По другую же сторону забора, за чащами лета, где разросся кретинизм идиотических сорняков, раскинулась буйно заросшая бурьяном свалка. И никому на свете было неведомо, что именно здесь совершал этот август свою великую языческую оргию. На этой свалке вплотную к забору в зарослях дикой сирени стоит кровать дурочки Тлуи. Так ее называют все. На куче мусора и отбросов, негодной кухонной утвари, рваной обуви, посреди руин и развалин, стоит ее крашенная зеленой краской кровать, отсутствующую ножку которой заменяют два старых кирпича.
Воздух над этими руинами — разъяренный от зноя, пронизанный сверкающими молниями конских навозниц, осатаневших от солнца, — словно грохочет невидимыми трещотками, доводя себя до исступления.
Тлуя как прикованная сидит среди тряпья на своей желтой постели. Большая ее голова топорщится пучками черных волос. Лицо сморщено в гармонь. Ежеминутно гримаса плача сжимает эту гармонь в тысячу поперечных складок, а изумление растягивает ее в обратную сторону, расправляет складки, показывает щелки маленьких глаз и влажные десны с желтыми зубами под похожими на хобот мясистыми губами. Проходят полные зноя и скуки часы — Тлуя что-то вполголоса бормочет, дремлет или тихо ворчит и похрюкивает. Мухи облепили ее неподвижное тело густым роем. Но вдруг вся эта куча грязного, изодранного в клочья тряпья начинает шевелиться, словно это закопошились расплодившиеся в нем крысы.
Потревоженные мухи поднимаются в воздух большим гудящим роем, полным жужжания, дрожания, поблескивания. Тряпье падает на землю и, словно испуганные крысы, разбегается в стороны, из него выбирается, очищаясь от шелухи, ядро, сердце свалки — полуголая, вся черная идиотка медленно приподымается и, словно языческий божок, встает на своих коротких детских ножках. Набухшая от приступа злости шея, побагровевшее, потемневшее от гнева лицо, на котором, как варварская живопись, расцвели арабески набрякших сосудов, извергают хриплый звериный рык, добытый из всех бронхов и труб этой полузвериной-полубожественной груди.

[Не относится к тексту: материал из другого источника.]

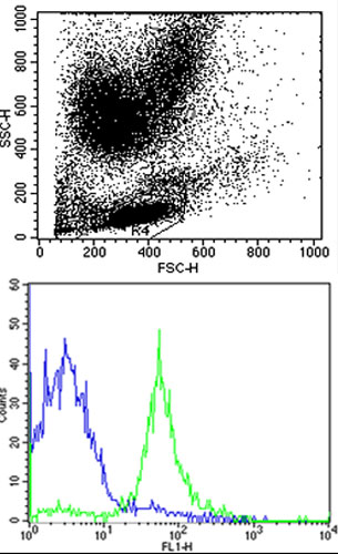 Flow cytometric analysis of human peripheral blood lymphocytes cells using HLA-B Antibody (N-term) (green, APR06103G) compared to an isotype control of rabbit IgG (blue). APR06103G was diluted at 1:25 dilution. An Alexa Fluor 488-conjugated goat anti-rabbit lgG at 1:400 dilution was used as the secondary antibody.

Кричит обожженный солнцем бурьян, набухают и чванятся бесстыжим мясом лопухи, сорняки обслюнявились своим блестящим ядом, а дурочка, охрипшая от крика, с яростным пылом, в судорогах, тычется мясистым лоном в ствол дикой сирени, он тихо поскрипывает под напором распутной похоти, а заклинания всего этого хора оборванцев понукают его к извращенному языческому плодородию.

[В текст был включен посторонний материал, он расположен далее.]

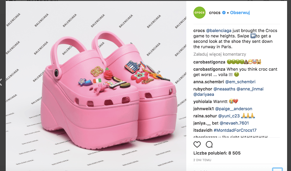 Hitem były oczywiście crocsy na platformie wysadzane kiczowatymi przypinkami.

Мать Тлуи драит полы в чужих домах. Это маленькая, желтая, как шафран, женщина, и шафраном же натирает она вымытые полы, сосновые столы, лавки и кровати в чужих бедных жилищах. Однажды Аделя взяла меня с собой в дом этой старой Марыськи. Было раннее утро, мы вошли в маленькую комнату с голубой побелкой на стенах, с глиняным полом, на котором лежал свет солнца, ярко-золотой в этой утренней тишине, размеченной ужасающим тиканьем грубых настенных часов. В сундуке на соломе спала придурковатая Марыська, бледная, как облатка, и тихая, как варежка, из которой выскользнула рука. И, словно пользуясь ее сном, разглагольствовала тишина — желтая, яркая, злая, никем не прерываемая, скандалила, громко и нагло тараторила маниакальный свой монолог. И время Марыськи, время, заточенное в ее душе, вышло наружу во всей своей жуткой очевидности и без помех двинулось по комнате — гулкое, раскатистое, адское, хлынувшее в светлом молчании утра из-под жерновов стенных часов, словно злая, сыпучая, дурацкая мукá сумасшедших.
3
В одном из этих тонувших в буйной зелени домов, за коричневым штакетником, жила тетя Агата. Войдя за ограду, проходили мы мимо насаженных на шесты разноцветных стеклянных шаров — розовых, зеленых, фиолетовых, — в которых колдовской силой заключены были ярко светящиеся миры, точь-в-точь те полные совершенства и счастья картины, что расцветают на неприкосновенной, недостижимо прекрасной оболочке мыльных пузырей. В полутемном коридоре, где на стенах висели изъеденные плесенью, ослепшие от старости олеографии, встречал нас знакомый запах. Этот старый надежный запах каким-то на удивление простым способом вобрал в себя всю жизнь этих людей, став возгонкой их породы, ее отличительным знаком, тайной их судьбы, неощутимо присутствуя в повседневном течении их особого времени. Старая, мудрая дверь, — ее темные вздохи впускали и выпускали обитателей дома, она была молчаливой свидетельницей входа и выхода матери, сыновей, дочек, — распахнулась беззвучно, словно дверца шкафа, и мы вошли в их жизнь. Они беззащитно сидели в тени своей судьбы и первыми же неловкими жестами выдали свою тайну. Но разве не породнились мы с ними и кровью, и судьбой?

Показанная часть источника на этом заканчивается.